I can’t imagine any manager or pitcher ever wanting to purposefully allow the lead to slip away. But maybe it’s the right thing to do, the better part of valor, to sacrifice your arm (getting Bonds out and winning the game right there), so to speak, in order to survive and live another day (hoping to take the game in extra innings). When I read that post, my gut, my heart, my head, and any other part of me screamed, “Heck, no!” You don’t give up the lead like that! Are you a man or a mouse? You’re a man. You go after Bonds and hope for the best.

But not only is it the macho thing to pitch to Bonds, it’s also the smart thing, as Sky Kalkman ably demonstrated in his response. If you walk him…

Assuming a below-average hitter next with a .300 OBP, you’ve got a 30 percent chance of losing the game immediately and a 50 percent chance of winning in later innings. The other 70 percent of the time, you’ve got a 50 percent chance of winning in later innings.

This yields a 35 percent chance of winning the game if you walk Bonds. On the other hand, if you pitch to Bonds…

In 2004, when Bonds wasn’t intentionally walked, he did this…
OUT: 50%
BB: 23%
1B: 12%
2B/3B: 6%
HR: 9%

If Bonds makes an out, you win 100 percent of the time. With a walk, it’s the same as the scenario above. With any hit, let’s assume two runs score and you lose—that happens 27 percent of the time.

Which all adds up to about a 58 percent chance of winning the game if you pitch to him.

Clearly, the odds dramatically favor going after the batter while clinging to the one-run lead, even if that batter is the almost-superhuman Barry Bonds of 2004. But maybe, just maybe, there’s some scenario where it would make sense? If Barry Bonds were playing against a bunch of Little Leaguers, and a 90-year-old grandma was painstakingly making her way into the on-deck circle with her walker and a Louisville Slugger, maybe then?

Well, probably. Assuming grandma’s good, old-fashioned ash bat isn’t quicker than you think, and the umpire doesn’t squeeze the zone out of sympathy for grandma’s advanced age, that only ups your chances of winning by walking Bonds to about 50 percent. Even in this scenario, Bonds needs to up his batting average against our theoretical Little League pitcher to .500 in order to even the odds.

In any real major league game, the on-deck batter isn’t going to be a .000 hitter, and if he is a very poor hitter, the manager will surely pinch hit for him.
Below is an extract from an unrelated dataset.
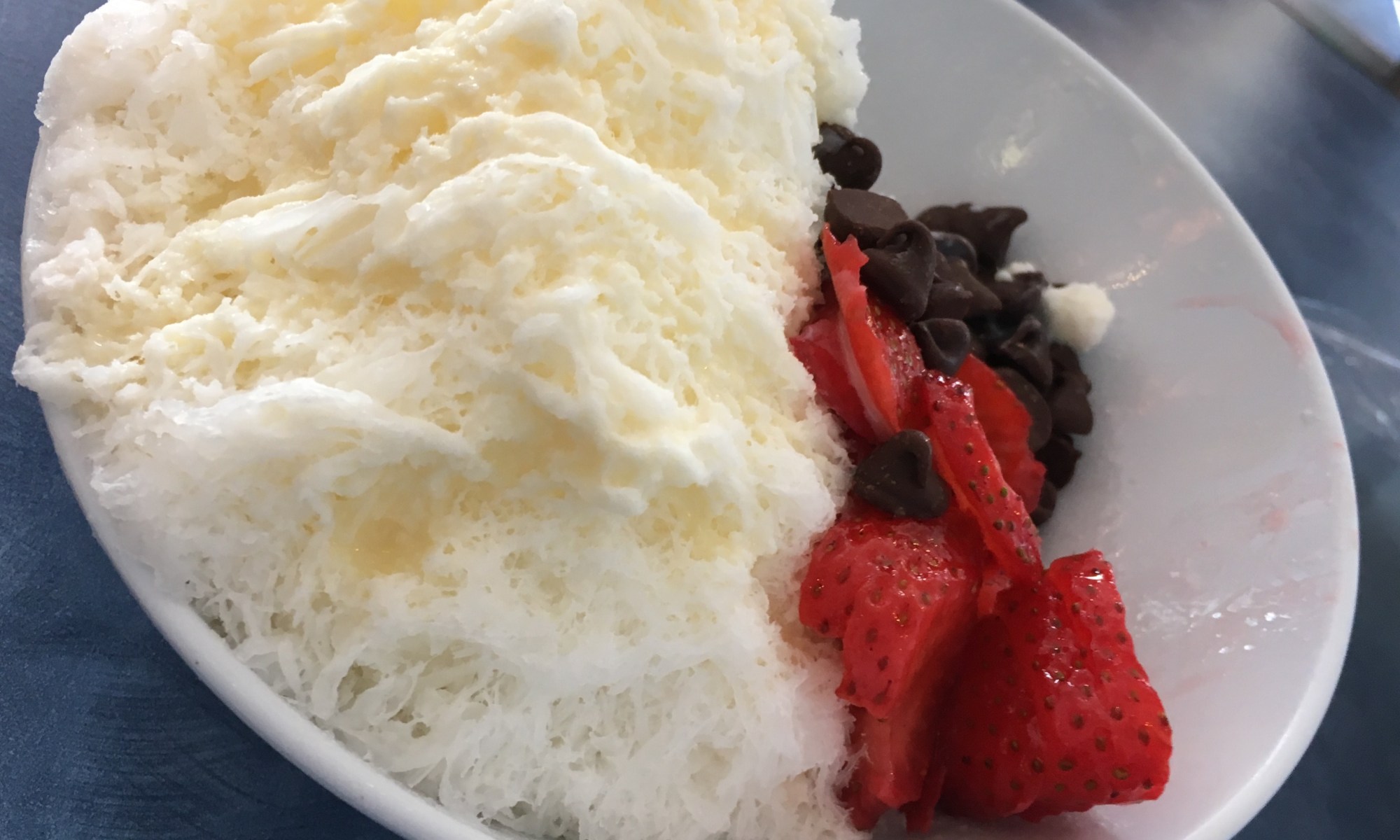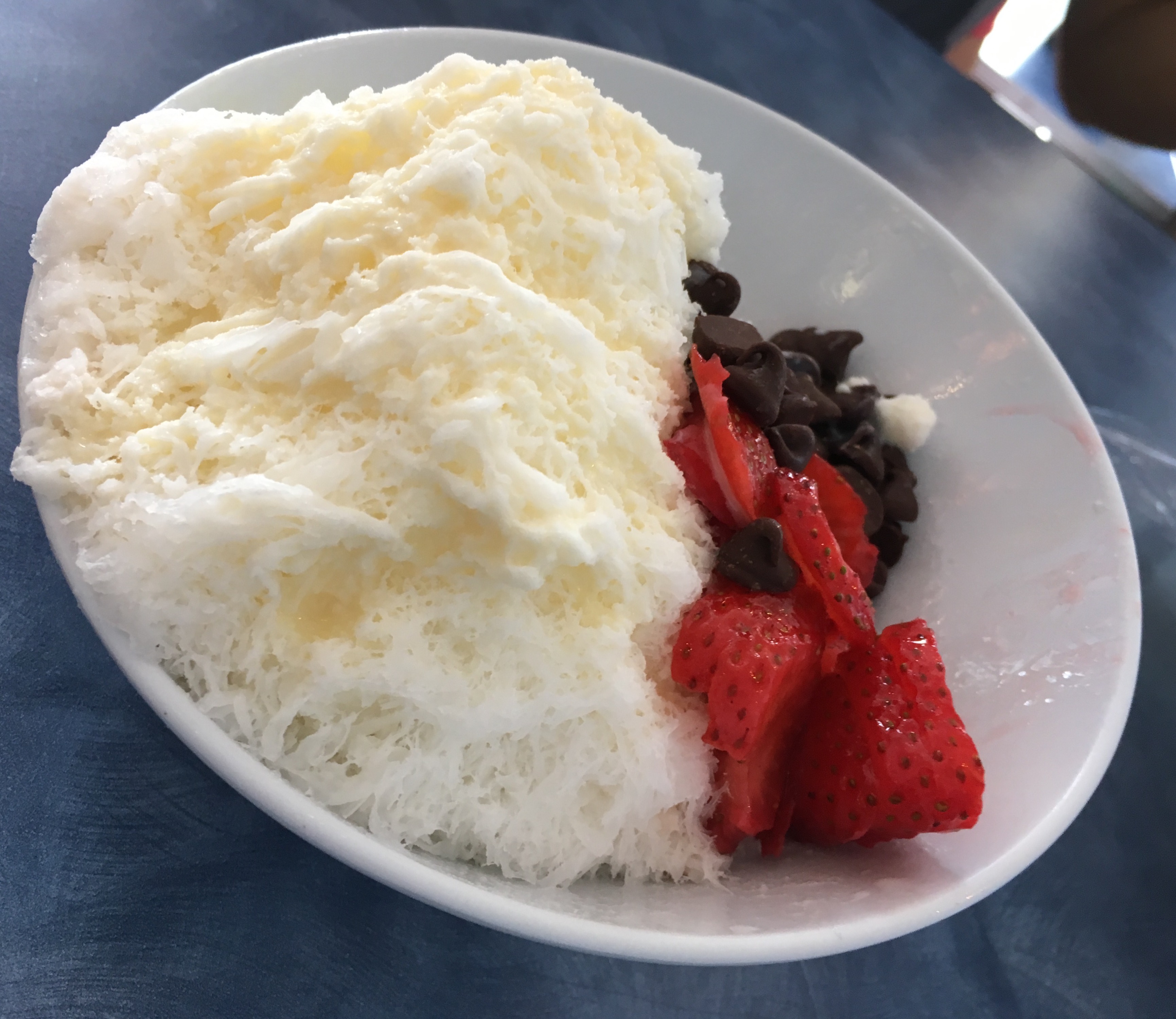 Vanilla snow ice topped with condensed milk and with a side of chocolate chips and strawberries (a few bites taken of course).

Moreover, even in the clutch, the best Hall-of-Famer doesn’t hit .500. My favorite clutch hitter, the guy any Royals fan would want at the plate with the game on the line, George Brett, only went 2-for-6 in his career with runners in scoring position and two out in the ninth inning with the Royals trailing by one run. You’re not going to find a remotely realistic major league combination where it makes sense to sacrifice the tying run in hopes of winning the game in extra innings.

In fact, when you look back through the Retrosheet era extending back to 1956, no manager has ever intentionally walked in the tying run with two out and the bases loaded in the bottom of the ninth. That’s unsurprising; not only does it not make much sense according the numbers, but no manager would want to face the media or the fans after ordering such a move. But maybe some managers or pitchers decide that they need to pitch around certain tough batters in that situation, hoping to get them to bite on a bad pitch but being willing to let them walk and force in a run rather than give in and give them a pitch over the plate. We can check for this.
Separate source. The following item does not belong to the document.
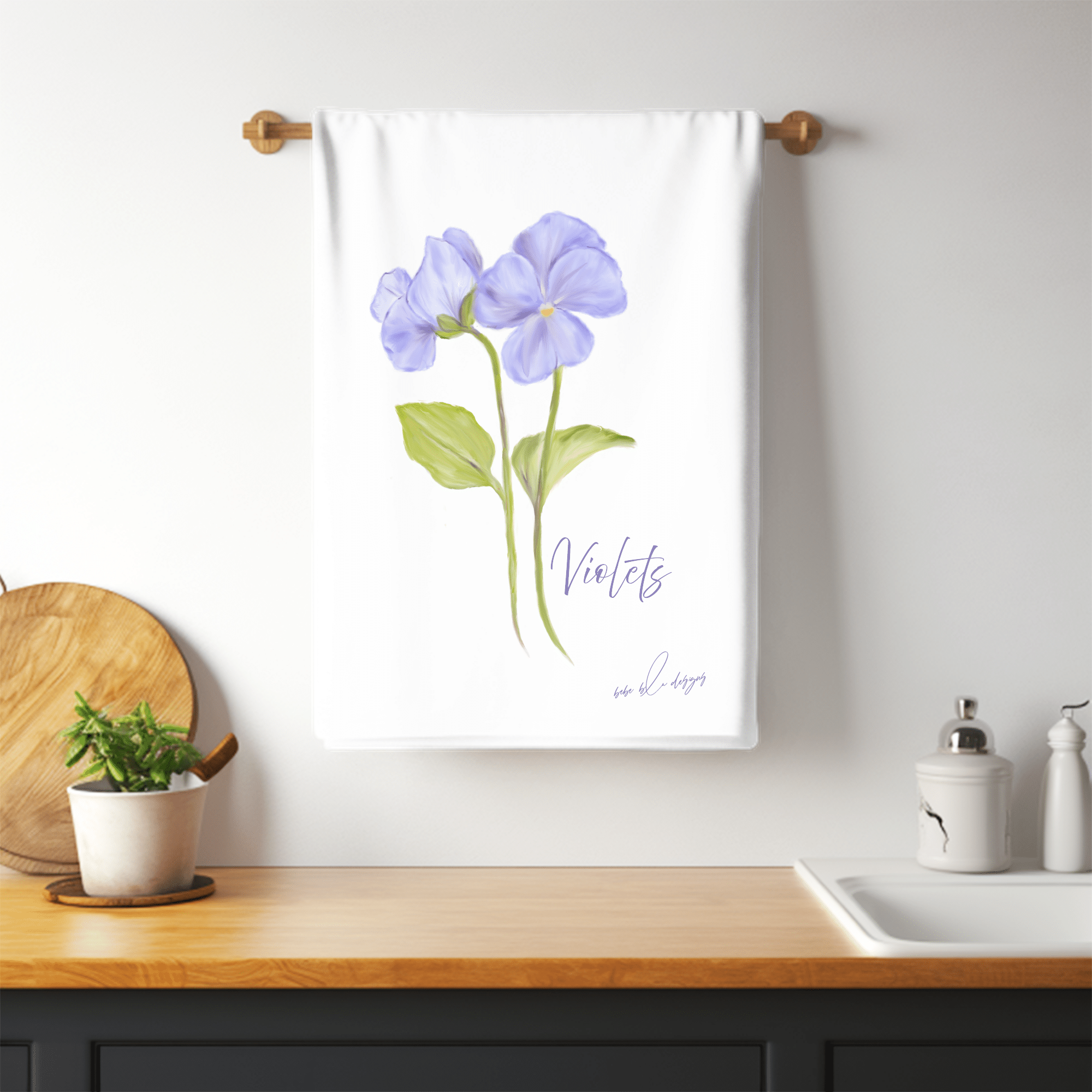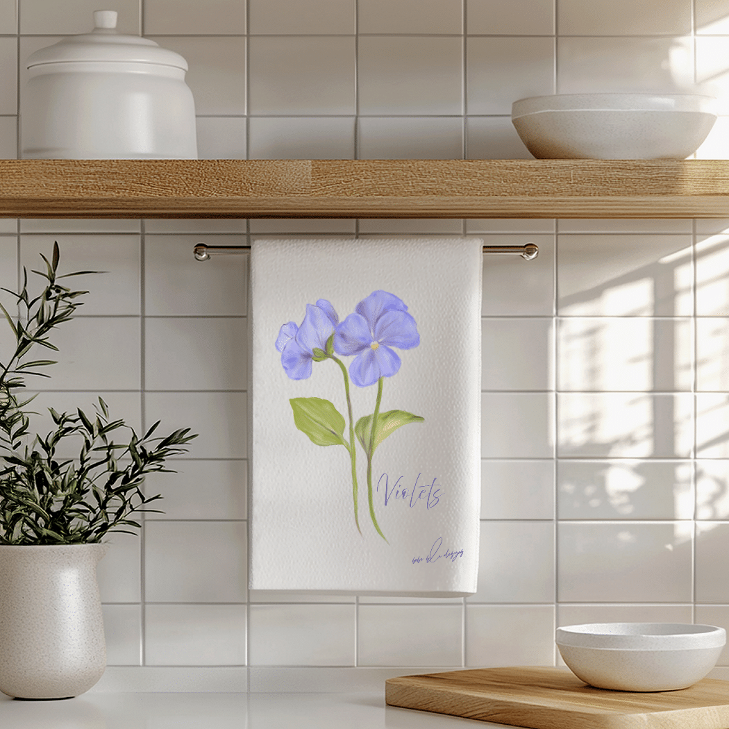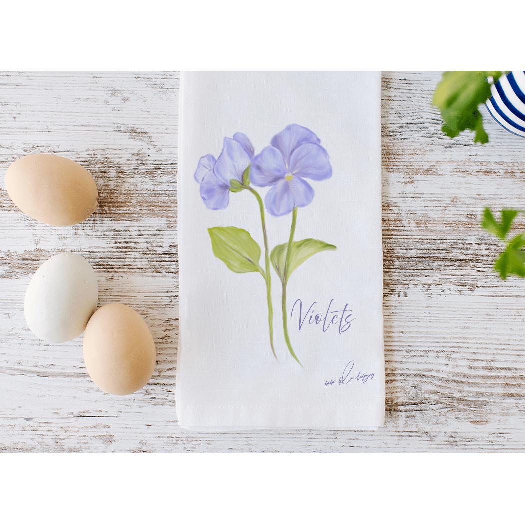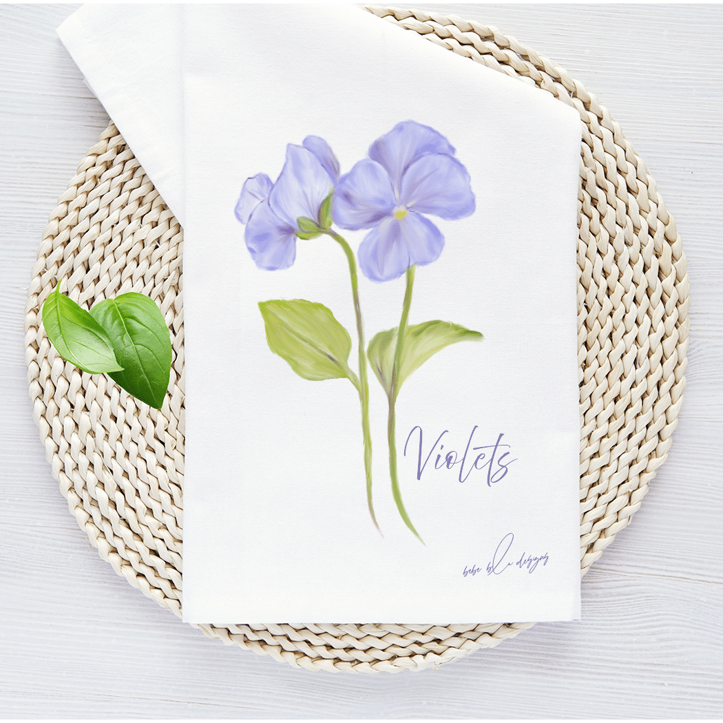 The Violets Flour Sack Tea Towel will compliment any kitchen decor.  These pretty soft purple Violets will make a wonderful Mother’s Day, Birthday, or Hostess gift.  Use flour sack towels as a gift wrap for a small gift making it two gifts in one.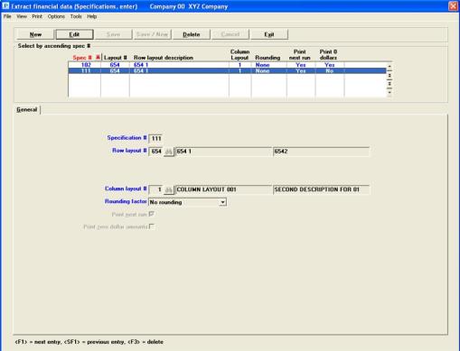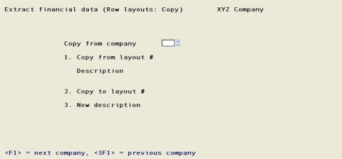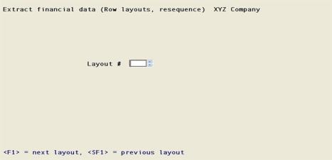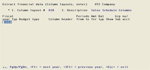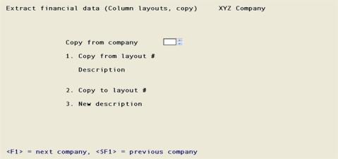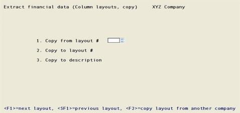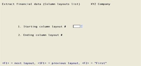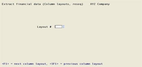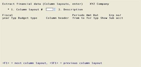Column layouts, enter from the Extract financial data menu. The following screen appears:

From 1956 through 2008 at the All-Star break, pitchers have faced 483 batters with the bases loaded, two out, and clinging to a one-run lead in the bottom of the ninth inning. They walked 32 of these batters and hit another four batters with a pitch. First of all, it’s interesting to see how those situations turned out. When they put the batter on base to force in the tying run, 13 of those 36 times, they lost the game on the next batter. Five of those losses were as a result of yet another walk or hit batsman, seven losses were on base hits, and one came on a passed ball (to Phil Mankowski, who was pinch hitting for rookie Alan Trammell. That’s probably one of the few times the Tigers ever won a game by pinch hitting for Alan Trammell.)
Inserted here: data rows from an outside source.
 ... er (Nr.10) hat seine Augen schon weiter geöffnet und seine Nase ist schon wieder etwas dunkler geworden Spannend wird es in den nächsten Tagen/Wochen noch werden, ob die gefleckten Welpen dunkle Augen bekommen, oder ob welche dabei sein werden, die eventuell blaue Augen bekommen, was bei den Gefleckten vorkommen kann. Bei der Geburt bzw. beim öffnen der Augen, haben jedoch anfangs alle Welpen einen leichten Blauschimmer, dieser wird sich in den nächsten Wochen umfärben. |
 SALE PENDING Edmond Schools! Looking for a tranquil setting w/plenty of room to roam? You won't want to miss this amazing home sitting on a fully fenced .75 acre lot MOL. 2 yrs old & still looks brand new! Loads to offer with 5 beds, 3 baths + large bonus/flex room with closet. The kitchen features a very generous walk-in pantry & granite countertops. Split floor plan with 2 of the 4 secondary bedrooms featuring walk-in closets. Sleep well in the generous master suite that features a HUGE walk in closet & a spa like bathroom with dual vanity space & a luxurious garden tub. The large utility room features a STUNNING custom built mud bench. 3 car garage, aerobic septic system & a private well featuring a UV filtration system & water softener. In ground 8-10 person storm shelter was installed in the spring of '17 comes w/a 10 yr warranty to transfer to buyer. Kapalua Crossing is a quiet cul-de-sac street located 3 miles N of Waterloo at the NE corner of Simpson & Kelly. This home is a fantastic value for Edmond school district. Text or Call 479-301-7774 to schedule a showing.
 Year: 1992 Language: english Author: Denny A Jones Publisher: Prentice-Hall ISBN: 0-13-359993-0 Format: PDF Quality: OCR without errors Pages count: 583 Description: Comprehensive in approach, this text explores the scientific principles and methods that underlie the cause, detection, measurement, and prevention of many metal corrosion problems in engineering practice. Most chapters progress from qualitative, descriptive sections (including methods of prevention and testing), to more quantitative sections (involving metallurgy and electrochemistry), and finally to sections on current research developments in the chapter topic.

That still leaves 23 times that the team that walked home the tying run was able to escape the ninth inning jam. In those 23 games, the team that gave up the tying walk won 12 of them in extra innings, lost 10, and…well, tied one. I didn’t think that baseball had ties, but as best I can tell, the result from the 12+ innings played by the New York Yankees and Kansas City A’s on June 15, 1960, did not count for anything in the standings.

A Hardball Times Update
Goodbye for now.

According to the note on Retrosheet, “Rain broke out in the bottom of the 13th at 11:57 PM and after a 30-minute wait the game was called. The game reverted back to the last complete inning, the 12th. The game was rescheduled for 08/07/60 as part of a doubleheader. Stats from 13th inning don’t count.” On August 7, 1960, the Yankees and A’s played two complete nine-inning games, seemingly ignoring the 12 innings played on June 15. So we’ll count the total ledger for teams walking in the tying run with two out in the ninth as 12-23-1, or wins in somewhere between 33 and 35 percent of those games, depending on how you want to count the tie game.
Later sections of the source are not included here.